ECLI:NL:RVS:2019:2681
Raad van State
- Hoger beroep
- J.J. van Eck
- Rechtspraak.nl
Hoger beroep tegen afwijzing verblijfsvergunning asiel door staatssecretaris van Justitie en Veiligheid
In deze zaak gaat het om het hoger beroep van een vreemdeling tegen de afwijzing van zijn aanvraag voor een verblijfsvergunning asiel voor bepaalde tijd door de staatssecretaris van Justitie en Veiligheid. De staatssecretaris had op 8 mei 2018 besloten om de aanvraag af te wijzen. De vreemdeling, vertegenwoordigd door mr. M.L. Hoogendoorn, heeft hiertegen beroep aangetekend bij de rechtbank Den Haag, zittingsplaats Arnhem. De rechtbank verklaarde het beroep op 21 juni 2018 ongegrond.
De vreemdeling heeft vervolgens hoger beroep ingesteld bij de Afdeling bestuursrechtspraak van de Raad van State. De Afdeling heeft het hoger beroep gegrond verklaard, waarbij zij zich baseerde op een eerdere uitspraak van 21 november 2018 (ECLI:NL:RVS:2018:3735). De Afdeling vernietigde de uitspraak van de rechtbank en verklaarde het beroep alsnog gegrond.

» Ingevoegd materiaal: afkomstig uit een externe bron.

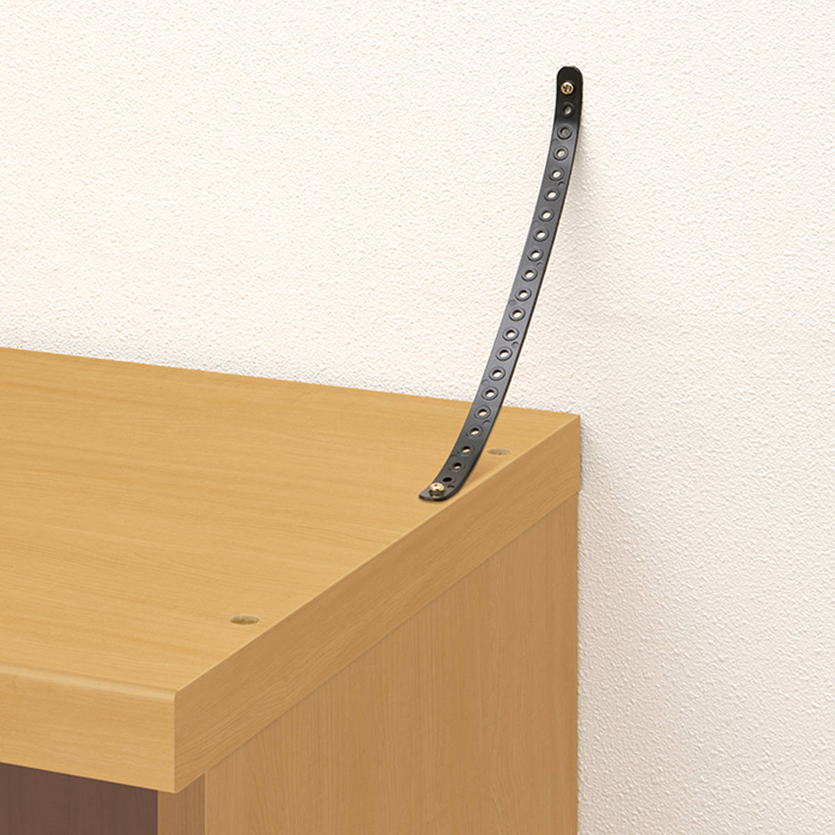 シューズボックス本体とお部屋の壁を固定し、地震時の転倒・移動を防ぐ転倒防止補助バンド付きです。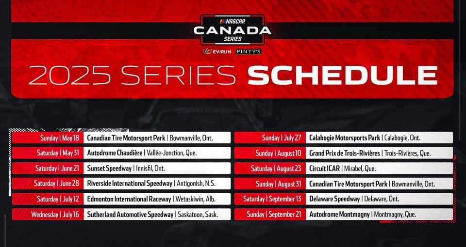 « Le calendrier 2025 met en valeur la diversité et la qualité du sport automobile canadien, a déclaré Alan Labrosse, directeur général de la série NASCAR Canada. Avec une combinaison solide de circuits classiques et de nouvelles pistes palpitantes, ce calendrier représente le meilleur de ce que NASCAR Canada a à offrir, tout en garantissant que nos équipes et nos concurrents puissent prospérer. »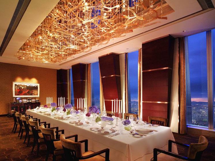 [餐饮] [餐饮]作为专属私人用餐场所之一,位于79层的主席阁提供3个包间供客人们品尝美味。每个包间都拥有极具特色的内部装潢及艺术作品,客人们可边欣赏美丽的城市美景,边享用主厨打造的个性化菜单美食。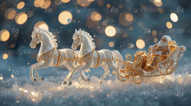 Символ года. Лошади тянут санки с Санта-Клаусом. Роскошный плакат или баннер для вечеринки и Нового года. Счастливый новый год 2026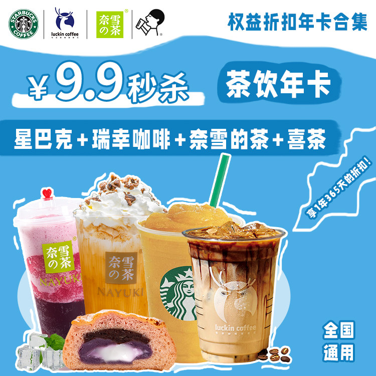 【全国门店通用】¥9.9=星巴克+瑞幸+奈雪的茶+喜茶折扣权益年卡!一卡在手,喝足一年优惠!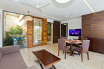 Small is beautiful! Stay in a small and cozy 2-bedroom holiday home for rent at Arpora in North Goa. Mayuri Villa is a modern property with a huge garden, tall trees, outdoor sitting areas, private swimming pool, living room, and a fully equipped kitchen. Fully furnished, the interiors are modern too. Both the bedrooms are en-suite and air-conditioned. Guests will find all comforts and amenities. 24/7 security provides privacy. The villa has free internet, power back up, chef service, and housekeeping.
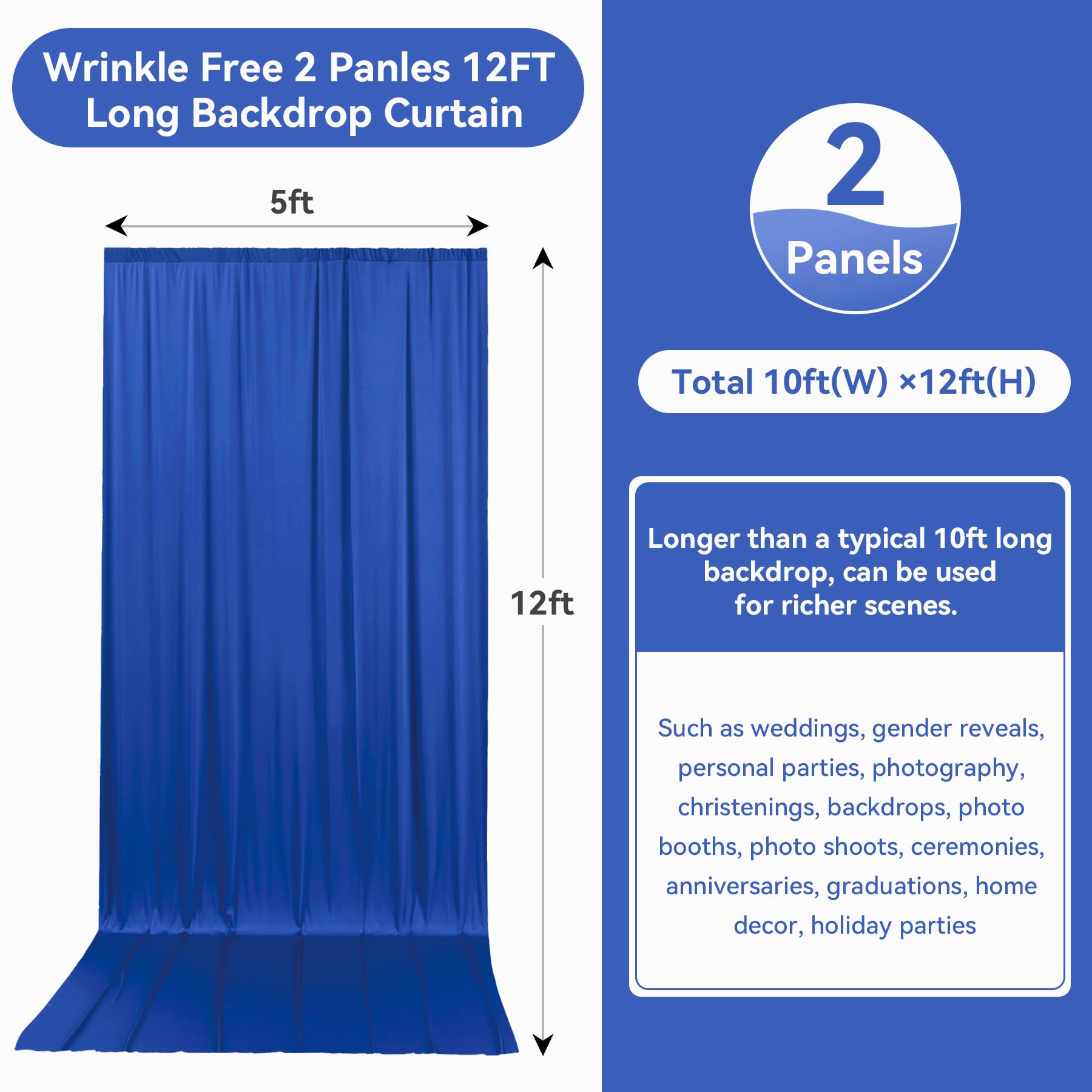 - Package Icluding:5ft(W) x 12ft(H), 2 panels, total 10ft(W) x 12ft(H). Our 12ft wedding Royal Blue backdrop dcurtain is longer than the typical 10ft long backdrop curtain,draping more beautiful. And can be used for richer scenes because it allows us have more room to build a party scene.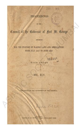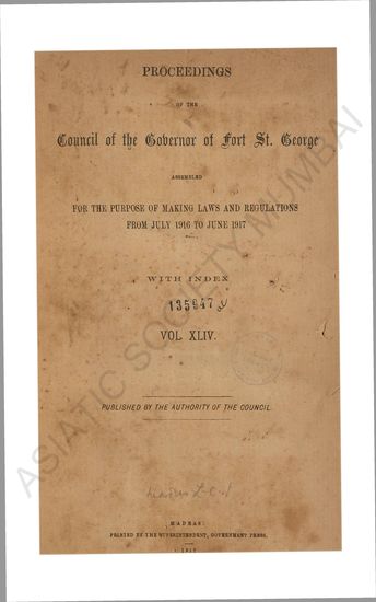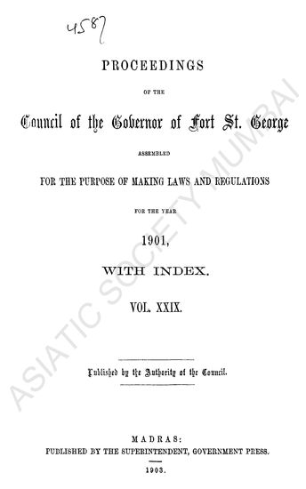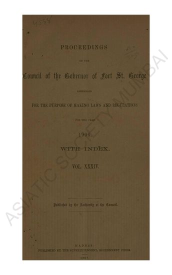 | Subject | : | Procceedings of legislative assembly; Council of the Governor of Fort St. George; Lawmaking process in 1897 |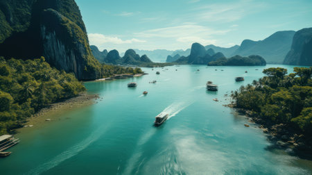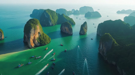 A stunning aerial view of Phang Nga Bay, showcasing the iconic limestone karsts emerging from emerald waters, with boats dotting the landscape.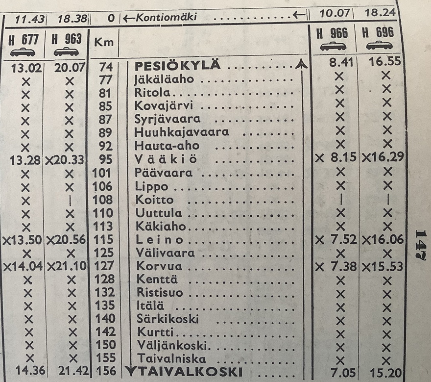 asemaa, pysäkkiä tai seisaketta. Varsinkin Pesiökylän ja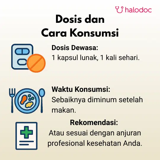 Dewasa : 1-2 kapsul sehari setelah makan, atau sesuai petunjuk dokter.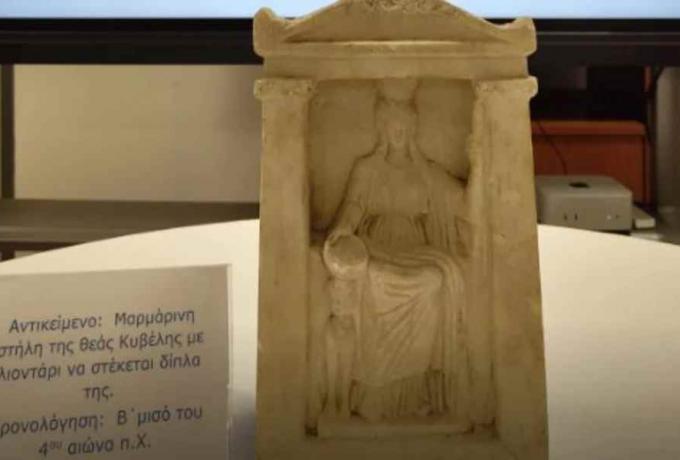 Στο πλαίσιο της έρευνας, εντοπίστηκε κρυμμένη σε πατάρι και κατασχέθηκε μια μαρμάρινη ναόσχημη αναθηματική στήλη (ένθρονη θεά Κυβέλη με ένα λιοντάρι δίπλα της), η οποία χρονολογείται στον 4ο π.Χ. αιώνα.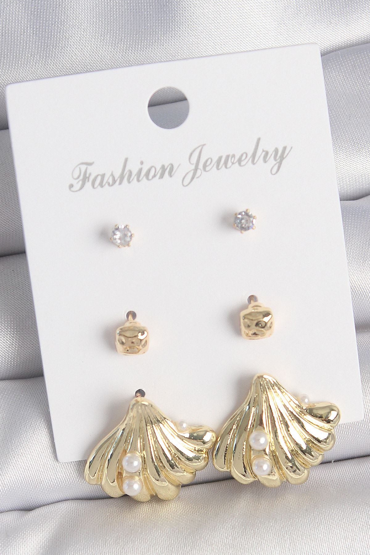 Pirinç Gold Renk Zirkon Taşlı İnci Detaylı Deniz Kabuğu Model 3 Çift Kadın Küpe Seti - TJ-BKP10617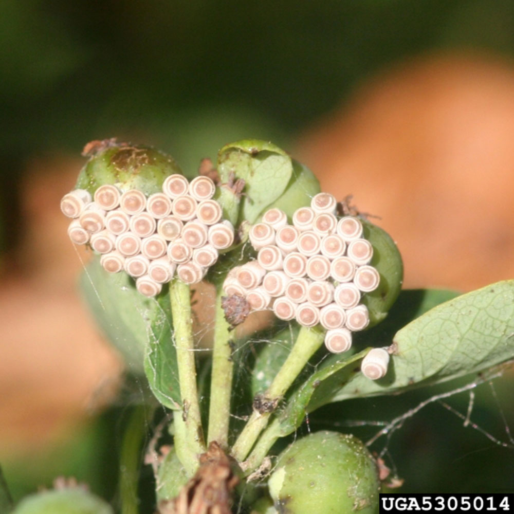 Stink bugs feed on plants with piercing, sucking mouthparts. They damage leaves, flower buds, flowers and fruits. They suck out vital plant juices, leaving brown pits and spots behind. Plants become stunted, fruits and flowers are deformed, leaves wilt and young plants die. Mating stink bugs lay clusters of unique barrel-shaped eggs on lower leaf surfaces.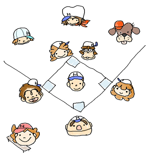 左の絵は先日、手慰みに描いた「とばせホーマーズ」の守備位置一覧表。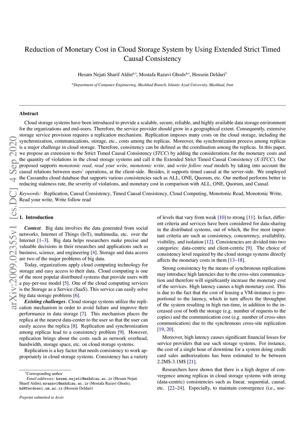 Cloud storage systems have been introduced to provide a scalable, secure, reliable, and highly available data storage environment for the organizations and end-users. Therefore, the service provider should grow in a geographical extent. Consequently, extensive storage service provision requires a replication mechanism. Replication imposes many costs on the cloud storage, including the synchronization, communications, storage, etc., costs among the replicas. Moreover, the synchronization process among replicas is a major challenge in cloud storage. Therefore, consistency can be defined as the coordination among the replicas. In this paper, we propose an extension to the strict timed causal consistency by adding the considerations for the monetary costs and the number of violations in the cloud storage systems and call it the extended strict timed causal consistency. Our proposed supports monotonic read, read your write, monotonic write, and write follow read, models by taking into account the causal relations between users' operations, at the client-side. Besides, it supports timed causal at the server-side. We employed the Cassandra cloud database that supports various consistencies such as all, one, quorum, etc. Our method performs better in reducing staleness rate, the severity of violations, and monetary cost in comparison with all, one, quorum, and causal.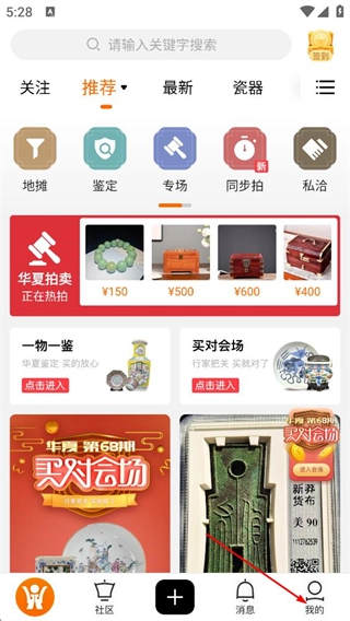 在华夏收藏的首页,找到页面底部的“我的”选项并点击,就能进入到与登录相关的页面了。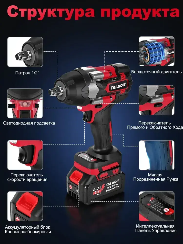 TALADO Гайковерт аккумуляторный ударный мощный 1800 Нм 21 В с 2 Li-ion аккумулятор 4Ач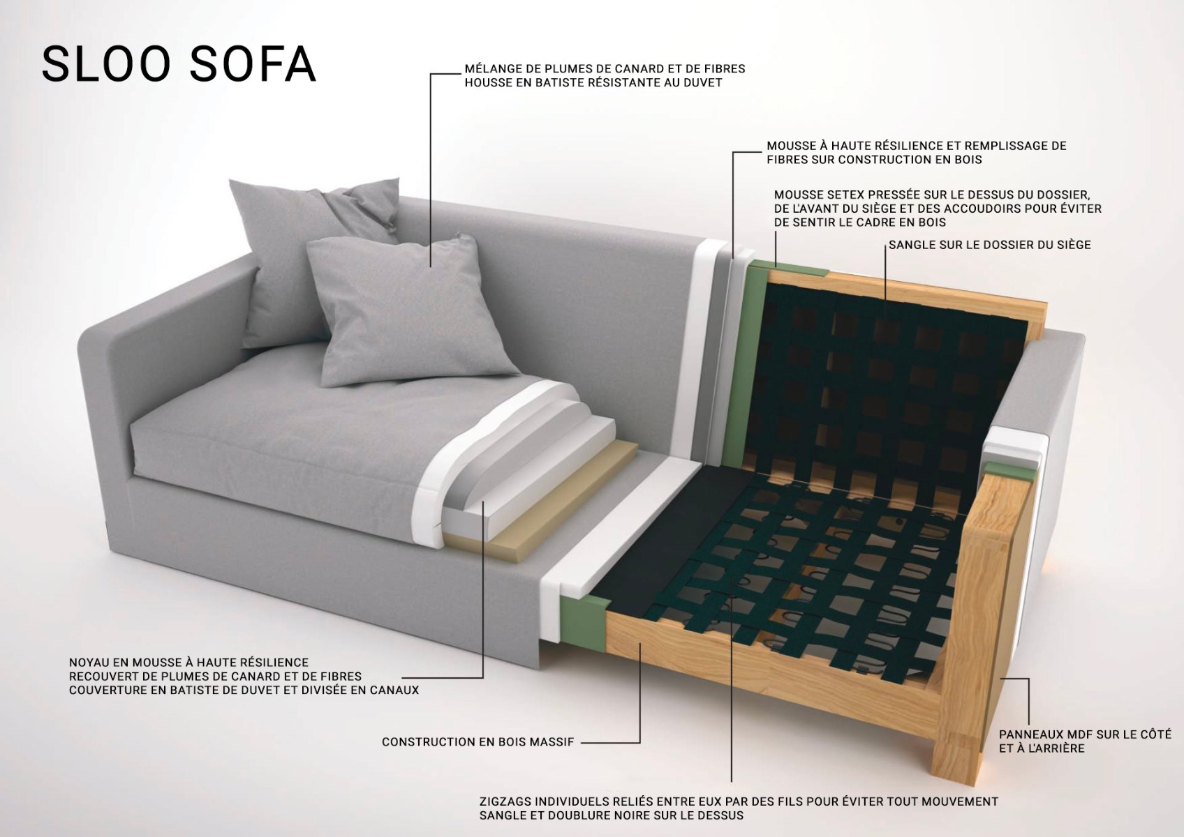 Matériaux : Housse en coton et lin mélangés, bois d'eucalyptus séché au four, mousse haute résilience avec dessus en plumes
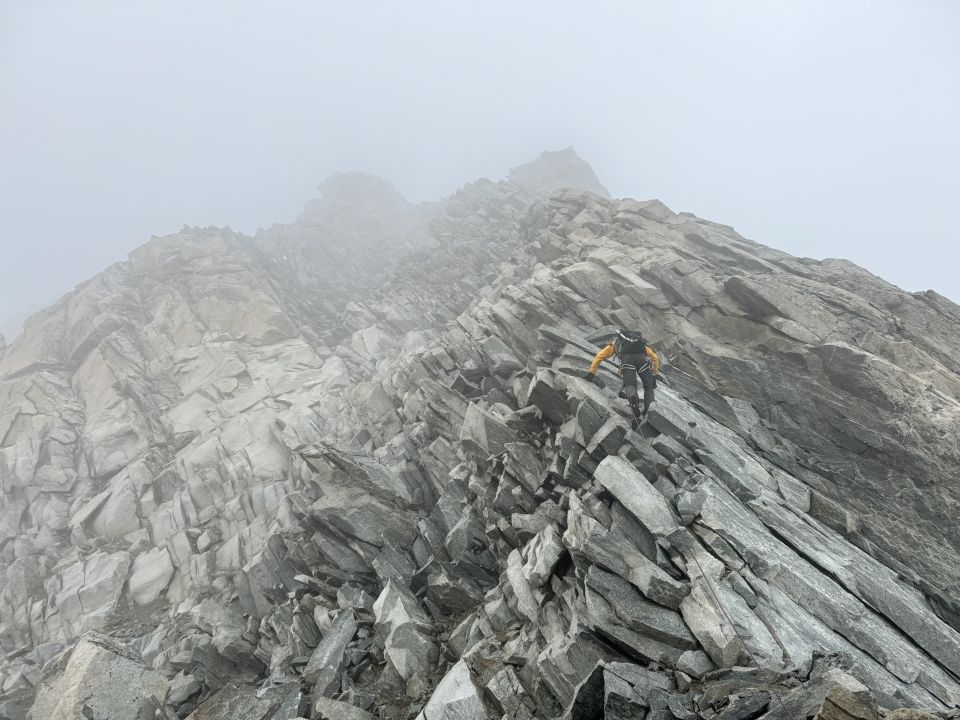 Wir sind aufgrund der schlechten Sicht nicht wie geplant über den (kurzen) Westgrat abgestiegen sondern über das brüchige Couloir, welches direkt auf den Äusseren Baltschiedergletscher hinabzieht. Das geht, ist aber nur bei einzelnen Seilschaften möglich - äusserst brüchiges Gelände. Bei offenen Bergschrund hat es eine improvisierte Abseilstelle - 30 m Seil ausreichend. Wir sind abgeklettert, der Bergschrund ist an einer Stelle gerade noch überschreitbar..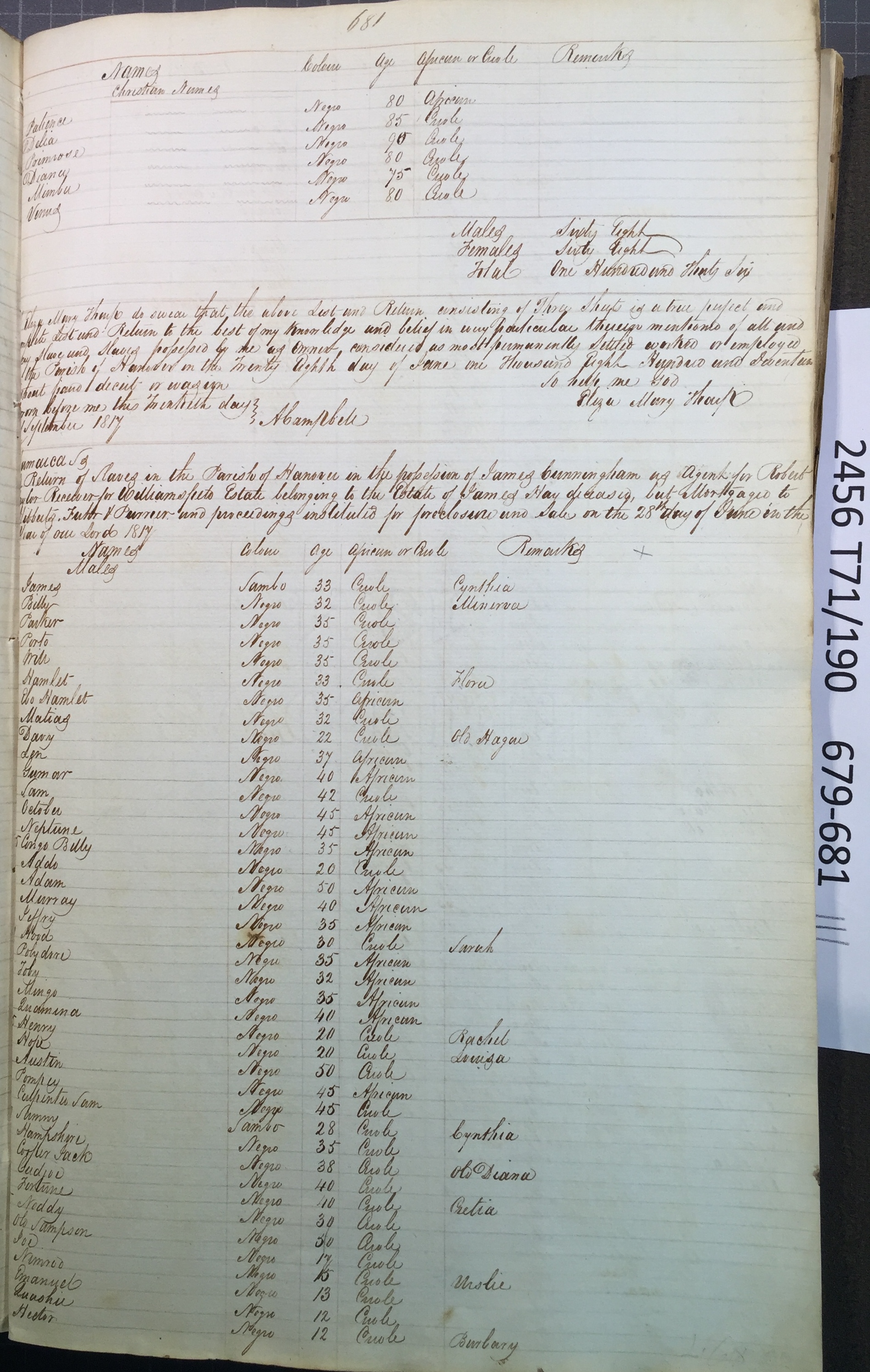 Slave register entry for Blue Hole estate in 1817, page 3 of 3. T71/190 pp. 679-681.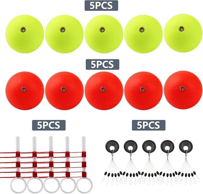 - Package Contend: There are 5 sizes you can choose. Each set including 10pcs fish floats(5pcs red and 5pcs yellow). 5pcs fishing bobber stopper and 5pcs stop knots. Total 20pcs products. A great set of accessories for slip fishing rig.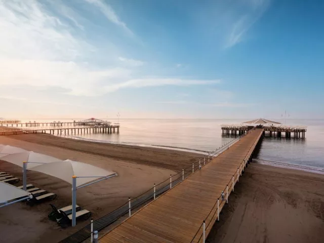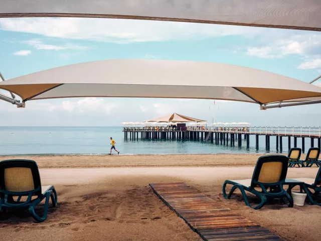 Hotel má priamy prístup na súkromnú piesočnatú pláž dlhú 250 m, kde sú k dispozícii bezplatné ležadlá, slnečníky a plážové osušky. Na pláži sa nachádzajú aj VIP pavilóny za príplatok a niektoré aktivity ako plážový volejbal či zumba.

Dit betekent dat de staatssecretaris een nieuw besluit moet nemen, rekening houdend met de eerdere uitspraak.
Daarnaast heeft de Afdeling de staatssecretaris veroordeeld tot vergoeding van de proceskosten van de vreemdeling, die in totaal € 1.536,00 bedragen, toe te rekenen aan door een derde verleende rechtsbijstand. De uitspraak is gedaan door mr. J.J. van Eck, lid van de enkelvoudige kamer, en is openbaar uitgesproken op 6 augustus 2019.